Year: 2014 (U.K release 2015)
Director: Noah Baumbach
Screenplay: Noah Baumbach
Starring: Ben Stiller, Naomi Watts, Adam Driver, Amanda
Seyfried.
Synopsis is here:
There’s a sequence in While We're Young, which cemented my
indifference for the movie quite early on. Cornelia (Naomi Watts) decides to go with
her newly found young friend Darby (Amanda Seyfried) to Hip Hop dance class. Of
course, this is a chance for us to laugh at a forty plus year old Watts, struggle to
get to grips with the urban beats placed in front of her. My ire was found in
the choice of song: Hit 'em Up by 2Pac. In this tale of white privileged New
Yorkers, why has writer/director Noah Baumbach picked one of the most infamous
west coast rap songs, which verbally attacks one of New York’s most iconic
rappers?
Is Baumbach mocking the cultural appropriation which appears to be widespread throughout certain areas of America? Then the likes of
Lena Dunham or the Portlandia guys are currently killing this right now. Is he
remarking on the idea of cultural piracy in the same way that Adam Driver does
in the film, in which all pop culture once released can be pre-packaged and
re-issued under the ironic guise of one’s own idea? Then it’s irritatingly smug.
Especially with a Beastie Boy (Adam Horovitz) in the cast. Either way, Baumbach’s
oh-so-cynical film feels forced. Its U.K release coincides with the release of
racial melting pot Furious 7 (2015), and unintentionally seems to suggest “don’t
worry about all the money Universal have made with their little car movie,
these rich, white problems are so much more important.
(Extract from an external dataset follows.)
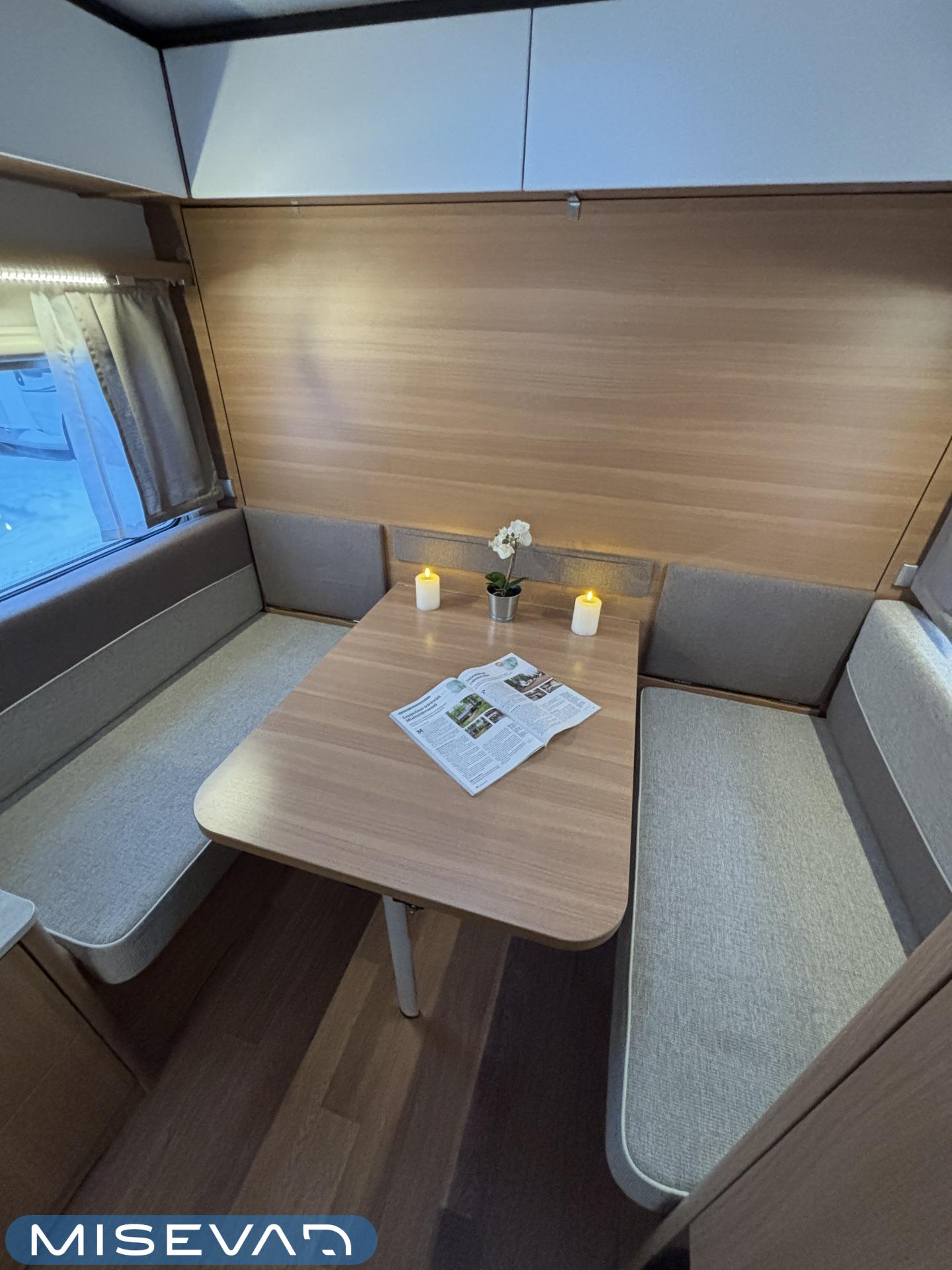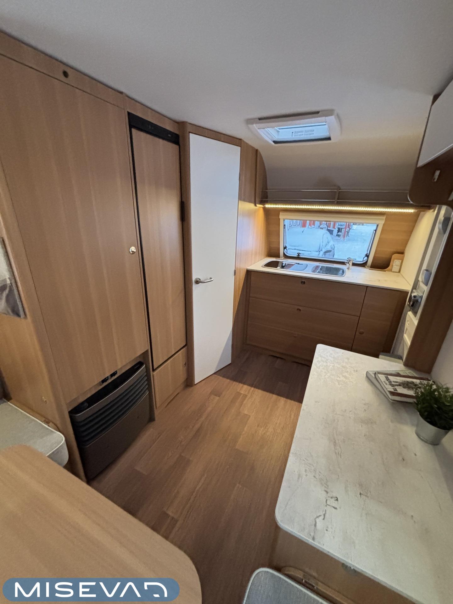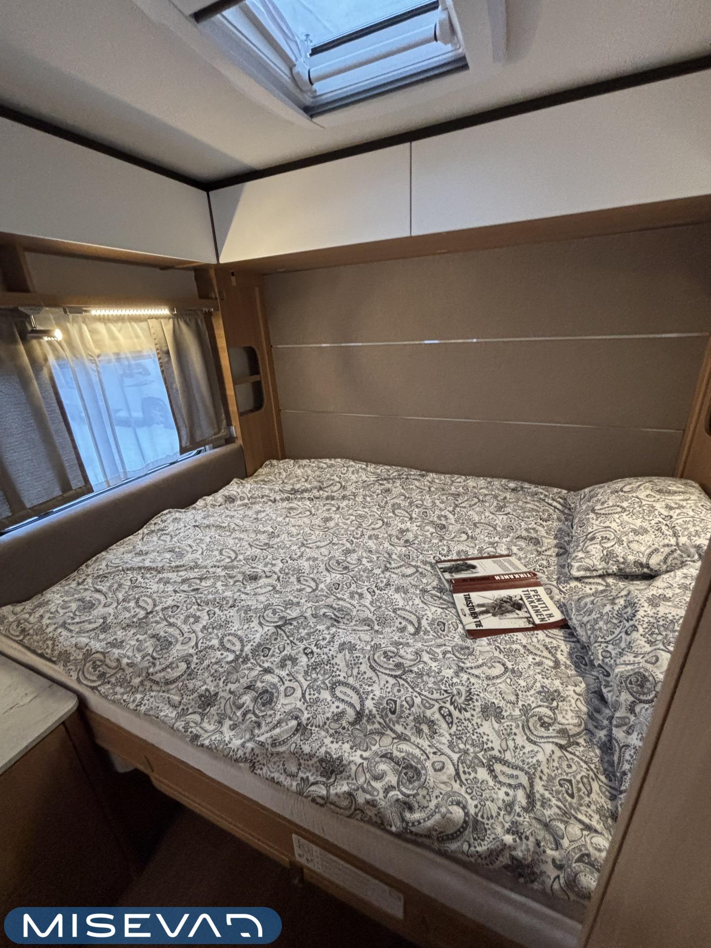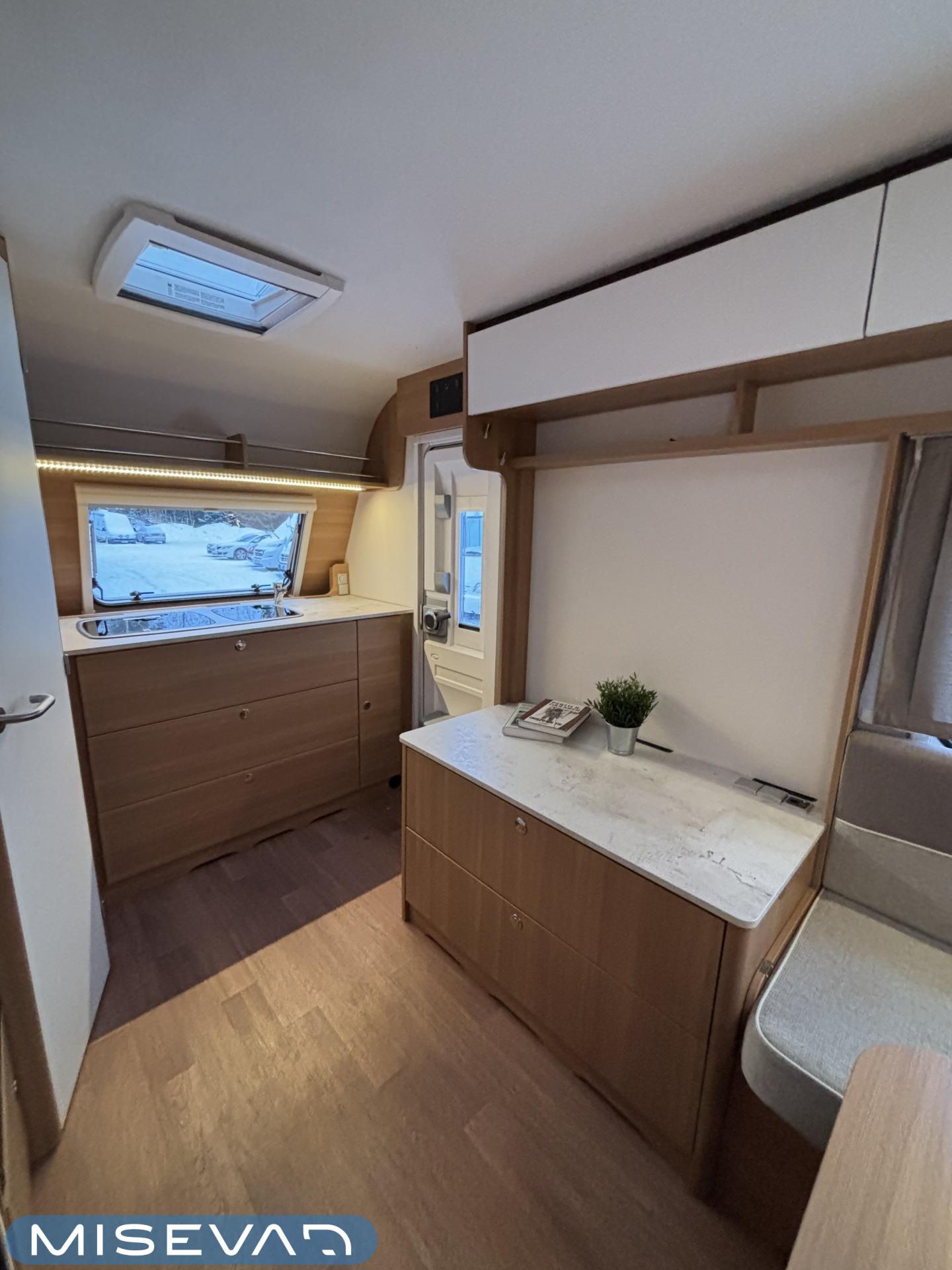 Nyt on näppärä ja ketterä paketti minkä vetämiseen ei veturiltakaan vaadita urotekoja. Vaunu on lattia-alaltaan uskomattoman avaran oloinen. Osasyy tähän on se, että vuode on kätevästi asemoitu ”päiväasennossa” pystyyn takaseinälle. Kun sitten tulee nukkumaanmenoaika, niin pöytä vaan ylös omaan telineeseen ja vuode sitten takaseinältä alas ja siinä se on siinä. Keskeltä vaunua löytyy reilun kokoiset vetolaatikot omaava ”TV taso”. Keittiö on sijoitettu vaunun etuosaan ja keittiön vieressä on WC-tilat. Näihin tehoneliöihin on saatu varusteltua kaikki matkailuajaneuvon perusvarusteet ja jääkaappikin on mallia korkea. Oikein siistikuntoinen tapaus, melkein voisi lähteä jopa ”vaihtoehto” uudelle linjalle tämän tapauksen kanssa. Vaunulla on ollut vain yksi käyttäjäomistaja.

I’m not usually so cold with a film such as this, but
Baumbach’s commentary on the film's cultural hipsters, snarkily stealing, then
reconstructing material to create some sort of faux truth, annoyed me. Mostly
because I found myself picking at the films own references and feeling they’ve
been witnessed in more piercing films. From the Woody Allen posturing (himself
a deft craftsman at reshaping homage) to The Graduate (1967) motif ending. The
film feels unearned in its entirety. It misses the exuberance and vulnerability
I found depicted in his previous feature; Frances Ha (2013), yet holds a
triteness that the film itself is trying to rally against.
The film does look to want to make a serious point of child-free
couples who are happy without children, as well as the fleeting beauty and impudence
of youth that is lost upon the couples we observe. Despite the films more
serious aspects of the predictable plot strolling in late. As Stiller and Watts’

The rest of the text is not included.